To nie jest kolejny tekst z cyklu "dlaczego erpegie umierasz?", tylko luźna refleksja na temat moich doświadczeń związanych z tym, z jak starymi RPGowcami miałem do czynienia. Trochę statystyk, ale tylko trochę. Niemniej odważę się wysunąć zapytanie:
Temat: Dlaczego tak mało młodych RPGowców?
W sumie, to zapytanie wynikające z moich obserwacji. Może próba drobna (107 osób, w tym osoby spoza Warszawy), jednakże uważam, że na tyle wystarczająca, by z tych nienaukowych dywagacji wysunąć kilka spostrzeżeń.
Posłużę się moimi statystykami, dane podane w "rocznikach". Grałem z osobami o róznych rocznikach - zarówno z młodszymi ode mnie ('92, '93), jak i ze zdecydowanie starszymi (niekiedy w okolicach '80, może odrobinę dalej).
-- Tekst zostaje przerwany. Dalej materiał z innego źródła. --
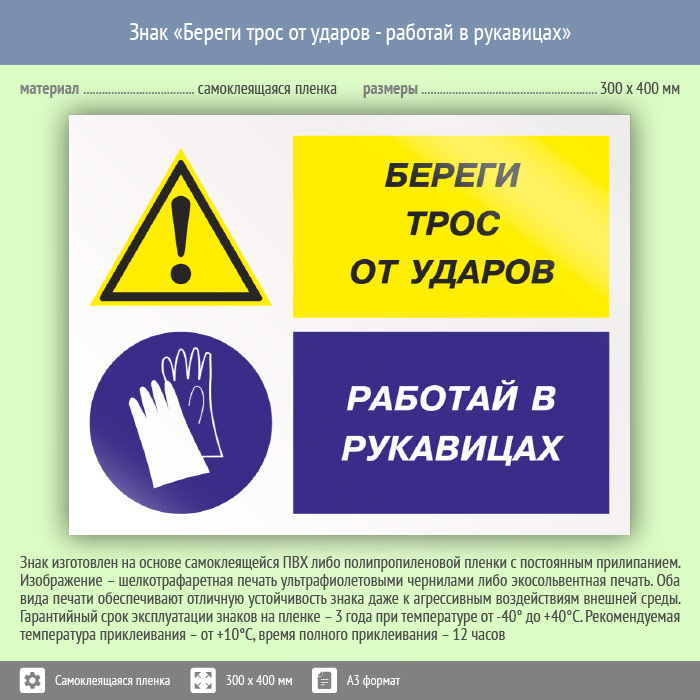 Знак «Береги трос от ударов – работай в рукавицах» может быть изготовлен любого размера на самоклеящейся пленке, пластике толщиной 0.5, 2 или 4 мм и металле. Также возможно применение фотолюминесцентных и световозвращающих материалов

Ogólnie jednak obserwuję, że "statystyczny" gracz z którym uczestniczę na sesji RPG to rocznik z przedziału '86-'90. Czyli "statystycznie" jest starszy ode mnie.
Skąd wniosek o "starszych graczach ode mnie"? Owszem, pierwsi gracze z którymi rozgrywałem kampanie byli młodsi ode mnie ('92, '93), jednakże to wyjątki potwierdzające regułę (raptem pięć osób). Stwierdzam, że nie więcej niż 10% współgraczy było młodszych ode mnie (i na pewno żaden nie był młodszy niż '93). Analogicznie dla osób z rocznika '82 i wyżej - również około 10%. To oznacza, że około 80% moich współgraczy zawiera się w rocznikach '83-'91.
Ponadto, w Internecie praktycznie nie dostrzegam osób zdecydowanie młodszych ode mnie, które udzielałyby się w jakimś zauważalnym stopniu w e-fandomie (wyjątek to imć redaktor Jan "Wędrowycz", ale to znów wyjątek potwierdzający regułę. Planetourist to "aż" rocznik '92). Wciąż w dyskusjach pojawiają się te same twarze, które widuję w starych wątkach dyskusyjnych sprzed 4-6 lat... A jeśli pojawiają się nowe osoby, to i tak rocznika "before '90". Oczywiście, e-fandom nie jest wiernym odbiciem rzeczywistego zbiorowiska wszystkich grających w RPG w Polsce. Niemniej, jakoś te 5-7 lat temu ludziom mającym wtedy 17-21 lat "chciało się pisać na forach i coś robić w e-fandomie".
Uważam, że w Internecie można znaleźć osoby młodsze niż rocznik '91, interesujące się RPG albo wręcz grające regularnie w tego typu gry. Choćby znana mi grupa kilkunastu osób, z róznych zakątków Polski, skupionych luźno wokół for o zbliżonej tematyce. Te kilkanaście osób to regularnie grajacy RPGowcy bądź osoby, które przynajmniej spróbowały "papierowego" RPG. Zdecydowana część z nich jest młodsza ode mnie; w tej grupie dominują osoby o roczniku '92-'94.
I nagle "młodzi erpegowcy" się znaleźli. Niestety - albo może i "stety" - żaden z nich nie ma pojęcia o tym, że istnieje coś takiego jak "fandom" (a tym bardziej - e-fandom), a tylko pojedyncze osoby z tamtego grona w ogóle kojarzą takie nazwy jak "Poltergeist" czy "Rebel". Co więcej, odnoszę wrażenie, że dla nich nowości w RPG stanęły na ~2004-2006 roku. Na przykład opinia, że "D&D 3.5 to świeży erpeg". W tej puli osób, pod względem popularności, dominują: WFRP (głównie 2nd, czasem 1st), D&D 3.0/3.5 i ewentualnie Neuroshima. Żadna z tych osób nie słyszała o "sewedżach" czy "wolzungu"...
I te osoby mają swoje niszowe fora po 2k20 aktywnych osób, niszowe PBFy, własne autorki.
Być może z jakiegoś powodu, najzwyczajniej dzisiejsza formuła "polskiego fandomu" nie jest najlepszym rozwiązaniem dla obecnych najmłodszych RPGowców? Warto zwrócić także uwagę na to, że wciąż pojawiają się "serwery role play" (serwery w grach cRPG/MMORPG, z naciskiem na pisemne odgrywanie postaci).